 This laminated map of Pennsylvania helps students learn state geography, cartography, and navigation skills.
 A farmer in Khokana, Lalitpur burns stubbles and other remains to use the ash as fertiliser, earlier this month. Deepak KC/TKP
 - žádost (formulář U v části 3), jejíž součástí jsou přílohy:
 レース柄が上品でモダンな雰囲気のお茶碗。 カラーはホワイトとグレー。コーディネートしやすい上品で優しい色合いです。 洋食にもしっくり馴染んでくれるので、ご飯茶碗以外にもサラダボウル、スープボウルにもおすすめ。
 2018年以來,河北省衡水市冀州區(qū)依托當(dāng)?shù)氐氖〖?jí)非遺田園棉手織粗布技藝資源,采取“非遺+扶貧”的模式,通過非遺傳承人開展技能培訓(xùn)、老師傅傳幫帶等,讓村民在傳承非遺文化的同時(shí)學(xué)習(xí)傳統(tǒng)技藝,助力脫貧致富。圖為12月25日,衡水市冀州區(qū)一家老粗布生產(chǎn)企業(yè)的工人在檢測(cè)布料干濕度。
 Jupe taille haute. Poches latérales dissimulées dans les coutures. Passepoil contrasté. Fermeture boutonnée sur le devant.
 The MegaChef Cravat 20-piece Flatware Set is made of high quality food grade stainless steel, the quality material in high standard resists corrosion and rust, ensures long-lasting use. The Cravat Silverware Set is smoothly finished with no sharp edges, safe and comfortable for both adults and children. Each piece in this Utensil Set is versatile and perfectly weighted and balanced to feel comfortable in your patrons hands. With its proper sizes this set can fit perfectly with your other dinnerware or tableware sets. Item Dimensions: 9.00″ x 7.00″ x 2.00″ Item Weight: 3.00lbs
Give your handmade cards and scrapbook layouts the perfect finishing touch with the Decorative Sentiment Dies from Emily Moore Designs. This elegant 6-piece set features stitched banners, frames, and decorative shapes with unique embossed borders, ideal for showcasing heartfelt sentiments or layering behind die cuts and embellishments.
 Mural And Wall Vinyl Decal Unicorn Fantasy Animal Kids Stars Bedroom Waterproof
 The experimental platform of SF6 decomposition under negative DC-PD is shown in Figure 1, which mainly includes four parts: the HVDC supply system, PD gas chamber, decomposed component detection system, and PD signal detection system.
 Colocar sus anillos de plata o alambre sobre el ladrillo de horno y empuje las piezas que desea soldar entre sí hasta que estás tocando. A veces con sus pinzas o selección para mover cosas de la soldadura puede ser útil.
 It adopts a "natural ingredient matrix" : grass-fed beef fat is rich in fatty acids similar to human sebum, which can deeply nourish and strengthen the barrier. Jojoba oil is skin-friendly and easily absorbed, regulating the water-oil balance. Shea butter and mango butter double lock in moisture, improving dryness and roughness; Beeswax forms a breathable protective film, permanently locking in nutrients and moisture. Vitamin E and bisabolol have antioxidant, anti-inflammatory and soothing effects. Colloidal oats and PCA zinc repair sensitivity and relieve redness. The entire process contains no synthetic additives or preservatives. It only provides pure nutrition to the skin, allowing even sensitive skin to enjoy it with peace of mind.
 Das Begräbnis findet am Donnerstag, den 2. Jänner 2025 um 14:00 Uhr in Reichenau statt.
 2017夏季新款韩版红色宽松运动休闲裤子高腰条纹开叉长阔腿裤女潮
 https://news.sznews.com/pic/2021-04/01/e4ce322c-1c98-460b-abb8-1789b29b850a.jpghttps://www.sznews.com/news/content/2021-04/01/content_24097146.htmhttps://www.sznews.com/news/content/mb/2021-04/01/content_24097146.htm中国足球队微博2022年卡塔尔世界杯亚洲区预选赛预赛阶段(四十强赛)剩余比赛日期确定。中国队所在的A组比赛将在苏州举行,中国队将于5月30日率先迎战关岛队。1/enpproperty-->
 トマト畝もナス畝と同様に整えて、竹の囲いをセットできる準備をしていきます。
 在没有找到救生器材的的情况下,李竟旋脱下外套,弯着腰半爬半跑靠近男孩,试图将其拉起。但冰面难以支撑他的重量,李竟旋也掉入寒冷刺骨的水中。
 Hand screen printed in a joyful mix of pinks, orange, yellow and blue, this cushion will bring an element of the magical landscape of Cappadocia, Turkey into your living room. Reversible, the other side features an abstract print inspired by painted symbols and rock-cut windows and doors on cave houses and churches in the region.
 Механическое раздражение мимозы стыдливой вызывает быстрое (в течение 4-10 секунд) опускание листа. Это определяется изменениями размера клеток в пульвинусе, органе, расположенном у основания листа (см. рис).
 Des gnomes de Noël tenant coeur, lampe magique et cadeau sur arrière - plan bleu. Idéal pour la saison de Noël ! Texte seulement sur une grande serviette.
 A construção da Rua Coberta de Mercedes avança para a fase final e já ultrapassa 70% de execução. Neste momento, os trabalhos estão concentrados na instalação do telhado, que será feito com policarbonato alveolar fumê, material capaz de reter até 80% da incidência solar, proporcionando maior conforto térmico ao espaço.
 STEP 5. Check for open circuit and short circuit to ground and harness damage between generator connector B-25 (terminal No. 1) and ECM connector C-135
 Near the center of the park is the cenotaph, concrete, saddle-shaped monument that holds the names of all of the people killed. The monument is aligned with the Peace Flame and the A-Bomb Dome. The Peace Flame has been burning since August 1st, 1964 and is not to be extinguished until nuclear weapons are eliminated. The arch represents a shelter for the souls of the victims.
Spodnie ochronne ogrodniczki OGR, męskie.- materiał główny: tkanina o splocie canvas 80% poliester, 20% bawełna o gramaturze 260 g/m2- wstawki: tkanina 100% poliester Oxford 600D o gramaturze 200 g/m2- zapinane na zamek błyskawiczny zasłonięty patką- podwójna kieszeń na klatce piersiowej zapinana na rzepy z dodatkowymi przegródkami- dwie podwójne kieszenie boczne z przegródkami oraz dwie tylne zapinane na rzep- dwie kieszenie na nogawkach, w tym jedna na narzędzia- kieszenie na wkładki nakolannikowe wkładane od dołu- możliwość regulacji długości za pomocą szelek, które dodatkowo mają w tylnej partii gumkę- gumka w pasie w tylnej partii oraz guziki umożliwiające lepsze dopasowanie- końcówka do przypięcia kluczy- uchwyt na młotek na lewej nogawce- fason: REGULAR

★ ★ ★ ★ ★

Prompt: Could you return, word for word, only the lines running from the first line of the material above to the line that contains "Mural And Wall", inclusive?

Answer to this problem:
 This laminated map of Pennsylvania helps students learn state geography, cartography, and navigation skills.
 A farmer in Khokana, Lalitpur burns stubbles and other remains to use the ash as fertiliser, earlier this month. Deepak KC/TKP
 - žádost (formulář U v části 3), jejíž součástí jsou přílohy:
 レース柄が上品でモダンな雰囲気のお茶碗。 カラーはホワイトとグレー。コーディネートしやすい上品で優しい色合いです。 洋食にもしっくり馴染んでくれるので、ご飯茶碗以外にもサラダボウル、スープボウルにもおすすめ。
 2018年以來,河北省衡水市冀州區(qū)依托當(dāng)?shù)氐氖〖?jí)非遺田園棉手織粗布技藝資源,采取“非遺+扶貧”的模式,通過非遺傳承人開展技能培訓(xùn)、老師傅傳幫帶等,讓村民在傳承非遺文化的同時(shí)學(xué)習(xí)傳統(tǒng)技藝,助力脫貧致富。圖為12月25日,衡水市冀州區(qū)一家老粗布生產(chǎn)企業(yè)的工人在檢測(cè)布料干濕度。
 Jupe taille haute. Poches latérales dissimulées dans les coutures. Passepoil contrasté. Fermeture boutonnée sur le devant.
 The MegaChef Cravat 20-piece Flatware Set is made of high quality food grade stainless steel, the quality material in high standard resists corrosion and rust, ensures long-lasting use. The Cravat Silverware Set is smoothly finished with no sharp edges, safe and comfortable for both adults and children. Each piece in this Utensil Set is versatile and perfectly weighted and balanced to feel comfortable in your patrons hands. With its proper sizes this set can fit perfectly with your other dinnerware or tableware sets. Item Dimensions: 9.00″ x 7.00″ x 2.00″ Item Weight: 3.00lbs
Give your handmade cards and scrapbook layouts the perfect finishing touch with the Decorative Sentiment Dies from Emily Moore Designs. This elegant 6-piece set features stitched banners, frames, and decorative shapes with unique embossed borders, ideal for showcasing heartfelt sentiments or layering behind die cuts and embellishments.
 Mural And Wall Vinyl Decal Unicorn Fantasy Animal Kids Stars Bedroom Waterproof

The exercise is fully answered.